Não sei se as crianças são mais corajosas ou simplesmente mais inconsequentes, mas o que quer que impulsione pessoas com poucos anos de vida é gradualmente perdido conforme os anos, os relatos e as informações se acumulam.

Não sei se as crianças são mais corajosas ou simplesmente mais inconsequentes, mas o que quer que impulsione pessoas com poucos anos de vida, educadas pelo choro e pelo mertiolate, a subir em árvore, descer ladeira num carrinho de rolimã ou praticar a pirotecnia amadora é gradualmente perdido conforme os anos, os relatos e as informações se acumulam. Não falo aqui das empreitadas intencionalmente radicais, como pular de paraquedas ou praticar bungee jump – ataque kamikaze ao território onde o superego construiu sua morada sim, mas objetivamente recompensador. Falo das pequenas merdinhas, os atos irresponsáveis que não se pagam em adrenalina suficiente, como uma manobra de skate ou fazer qualquer coisa perto de uma beirada alta sem proteção.

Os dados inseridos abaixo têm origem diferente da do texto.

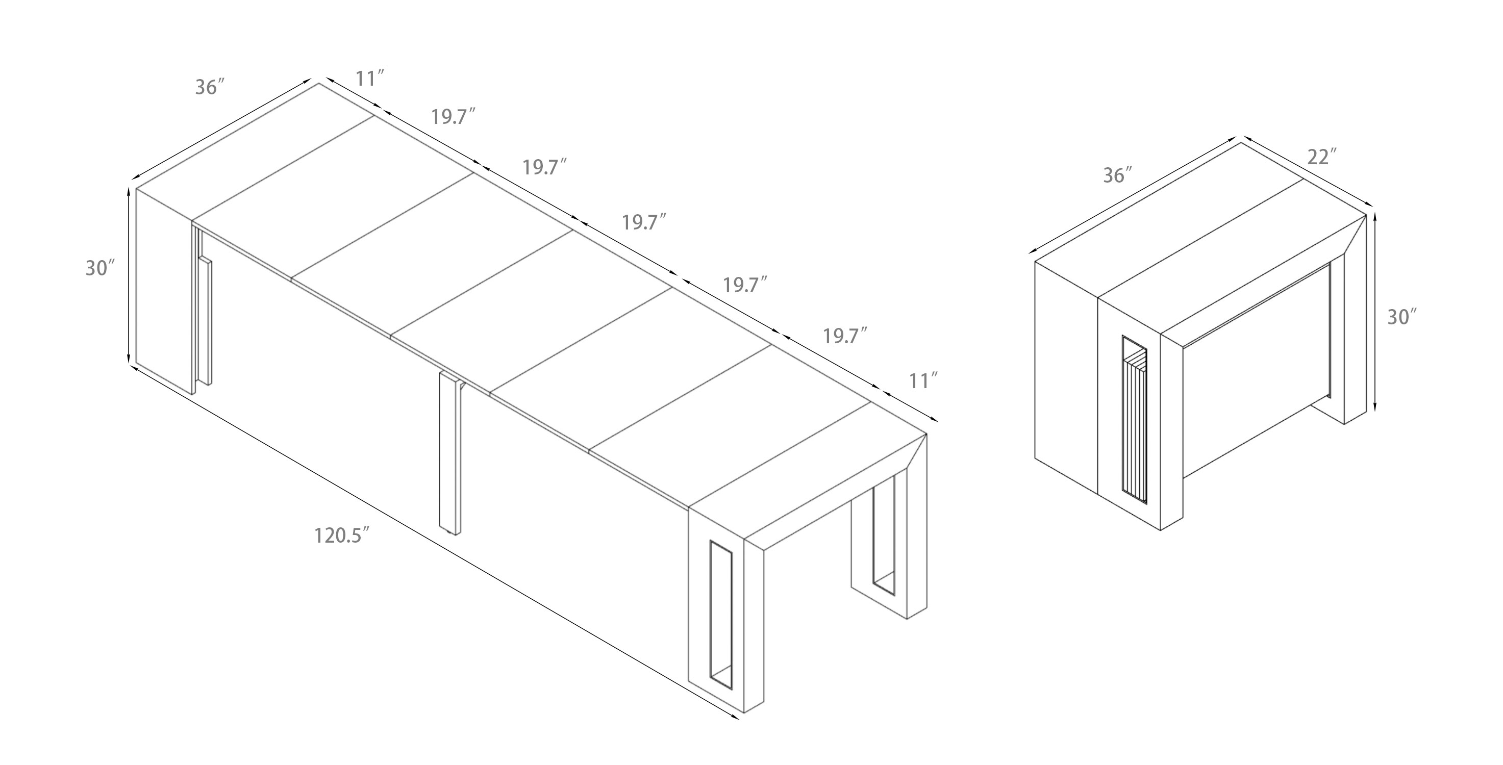 Most dining tables force you to choose a size and live with it forever. Joysource believes furniture should adapt to real life. At 22 inches, this table is a sleek console that barely whispers along your wall. At 120 inches, it's a commanding dining table that seats 12 for the holidays. And with four configurations in between, it adapts to however many people show up—whether that's Tuesday dinner for two or Sunday brunch for eight.
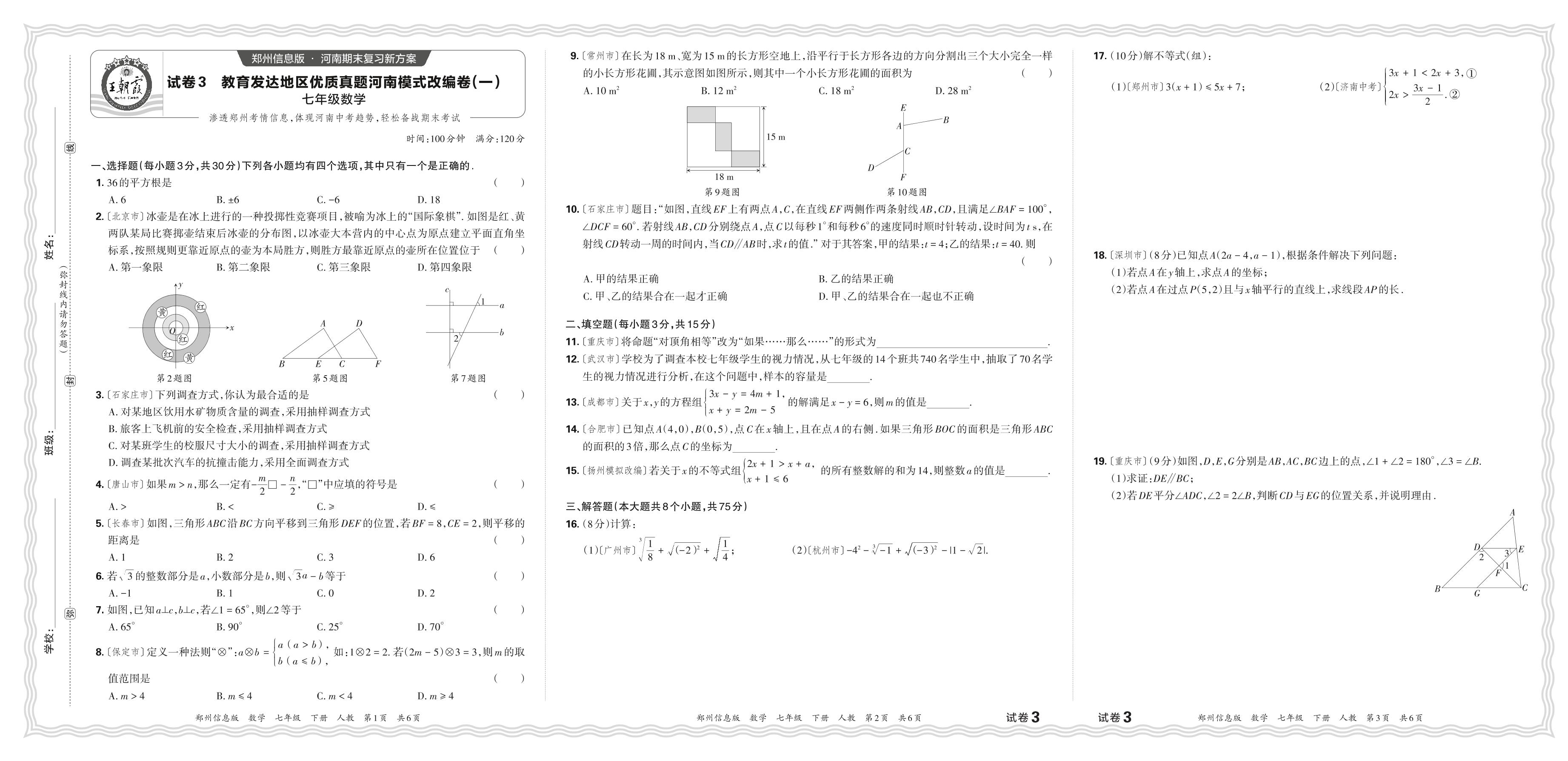 2024年春教育发达地区优质真题河南模式改编卷(一)七年级下册期末数学(人教版)【3】

Temo que a coragem seja um estado de espírito degenerativo, e que dali a alguns meses, o simples ato de subir em uma bicicleta provocará tremores no meu corpo. O avô de um amigo meu dizia que na idade dele tudo era uma aventura. A radicalização do cotidiano acontece em concomitância à inadequação do corpo físico para a vida.

Há um episódio dos Simpsons em que o primogênito da família, Bart, precisa fazer trabalho voluntário em um asilo. Chocado com a pasmaceira do lugar, ele resolve alugar um barco e levar os velhinhos para uma tarde inesquecível. O que se segue é uma montagem ao som de “Can’t Buy me Love” dos Beatles, nos quais os idosos tentam reproduzir as façanhas dos jovens, como correr em um descampado ou tomar refrigerante, mas terminam sendo pastiches patéticos de uma juventude irremediavelmente perdida. Mas até então estavam fazendo o que Bart achava que era certo e divertido. Quando finalmente perguntaram a opinião dos velhinhos, eles simplesmente preferiram jogar bingo.

Talvez tudo então não passe de um processo natural, e os anseios por medo e velocidade que um dia pautaram a nossa existência deem lugar a outros, de temperaturas mornas e tons aquarelados. A calma e a sabedoria de quem não precisa de nenhum extremismo assertivo para viver. Ou talvez, no fim, acabamos todos uma cambada de bundão.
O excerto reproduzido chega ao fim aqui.